IPvFuture="v"1*HEXDIG"."1*(unreserved/sub-separator/":")
Inquire
The query component contains non-hierarchical data, as well as data in the path component that identifies resources within the scope of the URI scheme and naming authority.
Query components are represented by question mark ("?") characters and terminated by number sign ("#") characters.
query=*(pchar/"/"/"?")
usage
When applications refer to a URI, they do not always use the full referencing form defined by the "URI" syntax rules. Conserving space and taking advantage of hierarchical locality, many Internet protocol element and media type formats allow abbreviated URIs, while others restrict the syntax to specific forms of URIs.
Build the base URI
In addition to fragment-only references, base URIs are known to be required. The resolver must establish a base URI. The base URI must conform to the syntax rules of <absolute-URI>.
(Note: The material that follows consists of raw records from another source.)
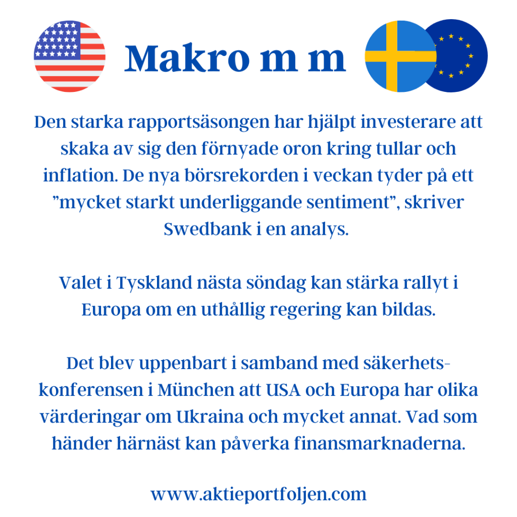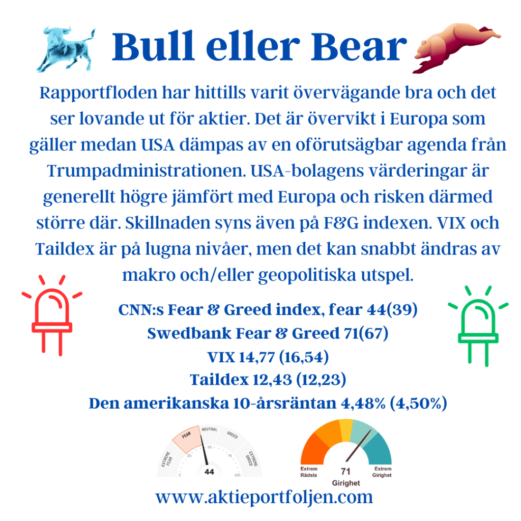 Rapportfloden har hittills varit övervägande bra och det ser lovande ut för aktier. Det är övervikt i Europa som gäller medan USA dämpas av en oförutsägbar agenda från Trumpadministrationen. USA-bolagens värderingar är generellt högre jämfört med Europa och risken därmed större där. Skillnaden syns även på F&G indexen. VIX och Taildex är på lugna nivåer, men det kan snabbt ändras av makro och/eller geopolitiska utspel.
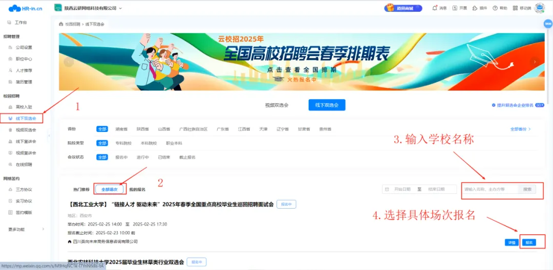 (二)用人单位注册并登录云校招平台后→后台点击“招聘面试”→点击“校园招聘”→点击“线下双选会”→搜索“广州软件学院”→选择【4月21日“万企进校园”活动——“才聚从化·业创湾区”智数产业人才双选会】场次点击“报名”→填写职位等信息→提交等待审核。
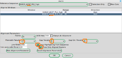 Align the two sequences using the Tools>Align sequences … function. Use the settings marked in Figure 9.
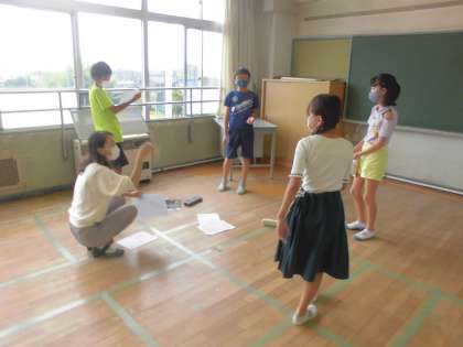 休み時間は、「はなれて なかよく」を合言葉に、過ごしています。ソーランを5年生に教えるための練習も進めています。動きの確認や、伝える言葉の確認も行いました。
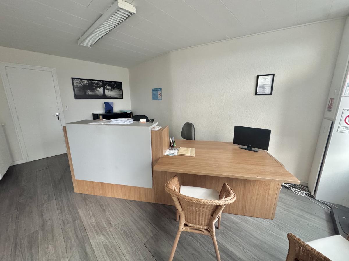 Au rez-de-chaussée, vous profitez d’un local avec vitrine, parfait pour une activité libérale, un commerce ou un bureau. À l’arrière, un dégagement dessert un coin WC/douche ainsi qu’un espace réserve/cuisine.
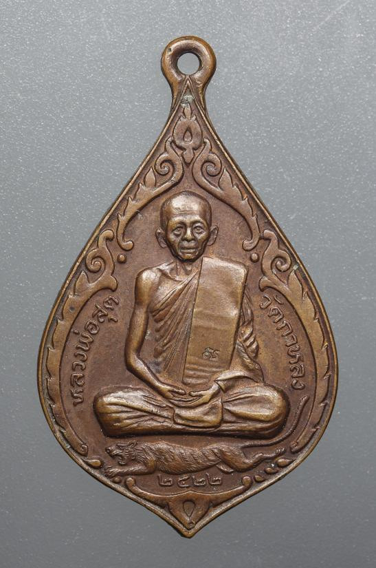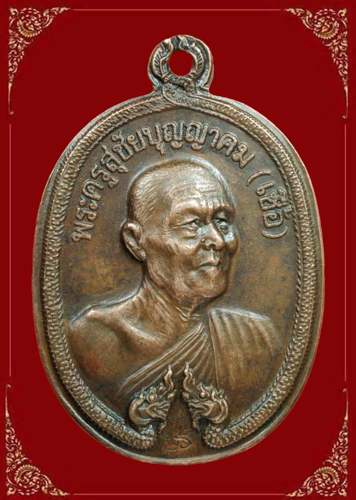 เหรียญหลวงพ่อทองศุข วัดโตนดหลวง ออกวัดมฤคทายวัน จ.เพชรบุรี พ.ศ.2498 เนื้อทองแดง |
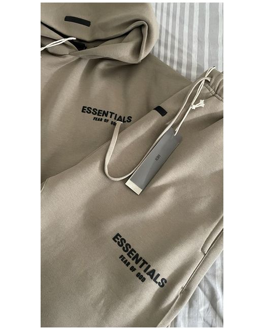 The Sand Essentials tracksuit is a stylish and comfortable two-piece set perfect for winter activewear. Made from soft cotton fleece fabric, this beige tracksuit features a relaxed fit with long sleeves and a drawstring closure. The hoodie in the set includes a logo accent, making it a great addition to your gym and training routine. Easy to care for with machine washable instructions, this tracksuit is in size M and suitable for regular fit. Ideal for men looking for a cosy and practical outfit for their active lifestyle. brand new never been worn size M fits like S
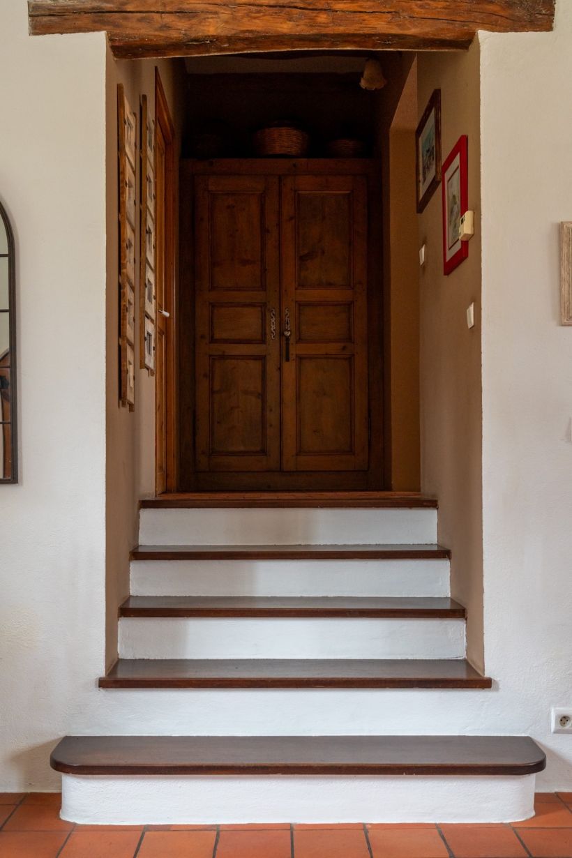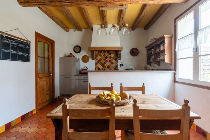 Une courte volée de marches mène à la cuisine indépendante, lovée sur son propre palier comme un espace à part, intime et chaleureux, avec ses faïences multicolores en éventail. Un cellier avec placards en prolonge discrètement le fond.
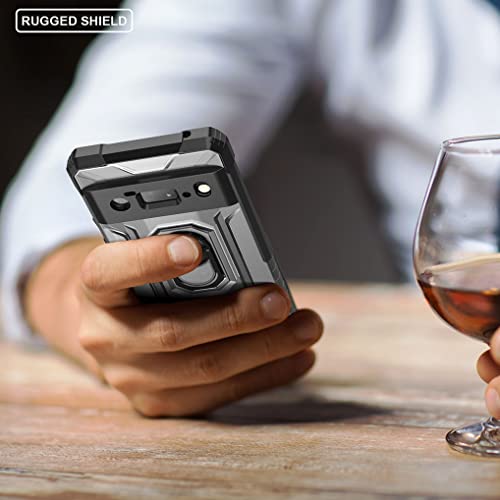 SEAHAI Cover per Google Pixel 6 PRO, [360° Anello Supporto Kickstand] [Militare Anti-Caduta Protezione] TPU Bumper in Silicone Opaco e Trasparente PC Ultra Sottile Custodia - Nero
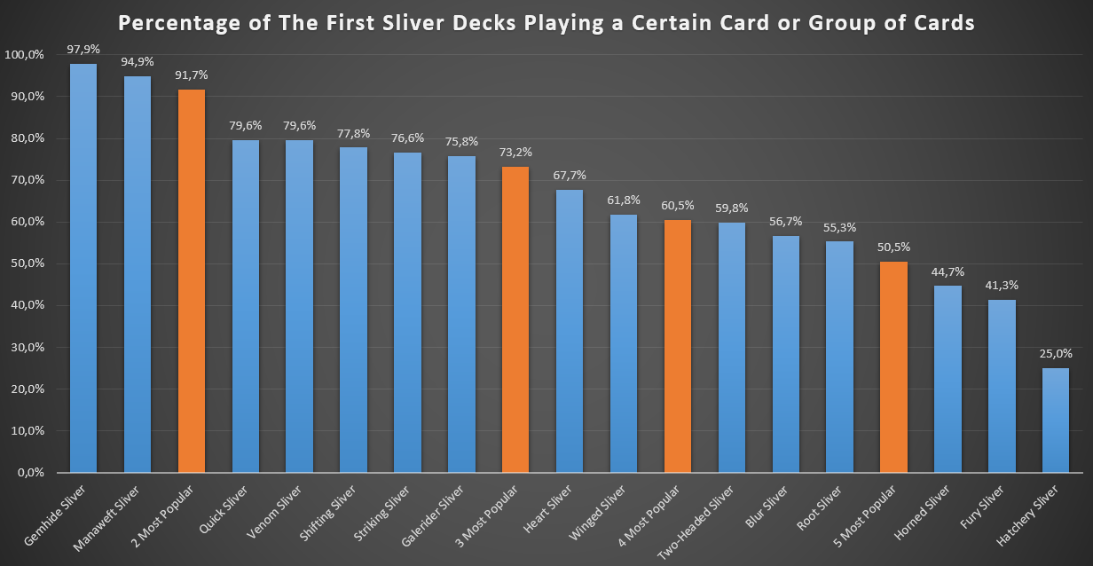 First off, I took into consideration the first group of Slivers mentioned in this article, which is to say those that we aren't really going to copy. What's really striking is the presence of a solid core of Sliver cards that are almost always present: Gemhide SliverGemhide Sliver and Manaweft SliverManaweft Sliver are basically auto-includes, standing at 98 and 95% inclusion rate respectively. Moreover, almost 92% of The First SliverThe First Sliver decks run both of them in the 99. Nonetheless, this core is effectively wider, as 73.2% of the decks include the three most popular Slivers (thus including Quick SliverQuick Sliver as well), 60.5% play Venom SliverVenom Sliver as well, and 50.5% decided to include the up-to-the-fifth most popular Sliver, which is Shifting SliverShifting Sliver.
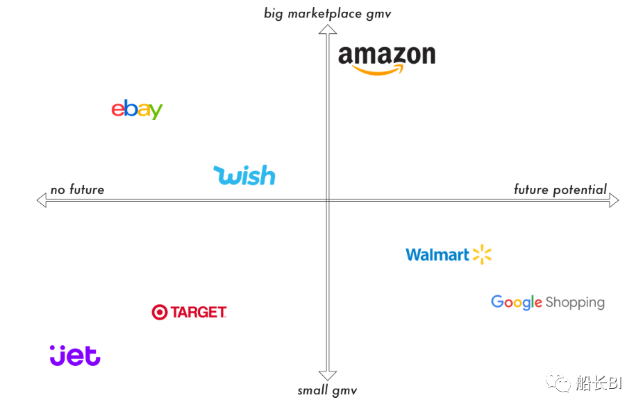 沃尔玛、eBay、谷歌Shopping、Target和Wish都在与亚马逊争夺市场份额。沃尔玛是一个明显的领导者,因为尽管eBay在网上购物市场的份额仅次于亚马逊,但它抓住了增长的机会。包括Instagram和YouTube在内的社交网络也在建立市场,试图提供社交商务和与其他购物平台不同的发现。

A base URI can be established in one of four ways
Base URI embedded in content
Encapsulates the base URI of the entity
The URI used to retrieve the entity
Default base URI (depends on application)
Normalize and Compare
The most common operations on URIs are simple comparisons: determining whether two URIs access their respective resources equivalently without using URIs. Extensive normalization is usually done before comparing URIs. URI comparisons are performed for some specific purposes.
equivalence
Because URIs exist to identify resources, they are considered equivalent when they identify the same resource. However, this definition of equivalence is not of much practical use, since there is no way to compare two resources unless one has full knowledge or control over them.
Even if two URIs can be determined to be equivalent, URI comparison is not sufficient to determine that the two URIs identify different resources.
Syntax-based normalization
Syntax-based normalization includes the following techniques case normalization, percent-encoded normalization, and dot segment removal.
Safety Precautions
URIs by themselves do not pose a security threat. But URIs are often used to provide a compact set of instructions to access
For web resources, care must be taken to correctly interpret the data in the URI to prevent that data from being accessed accidentally, and to avoid including data text that should not be made public.
Sensitive information
URI producers should not provide passwords containing usernames or intended to be kept secret. URIs are often displayed by browsers, stored in plaintext bookmarks, and by user agent history and intermediary applications (proxy).
semantic attack
Because the userinfo subcomponent is rarely used, hosts appearing in the authority component can be used to construct a URI that misleads the user to trust, e.g.
ftp://cnn.example.com&[email protected]/top_story.htm
May cause users to assume the host is 'cnn.example.com' when it is actually '10.0.0.1'. A misleading URI can be an attack on the user, which attacks the user's preconceived notions. Regarding the software itself, such attacks can be avoided by differentiating between the individual components of the URI.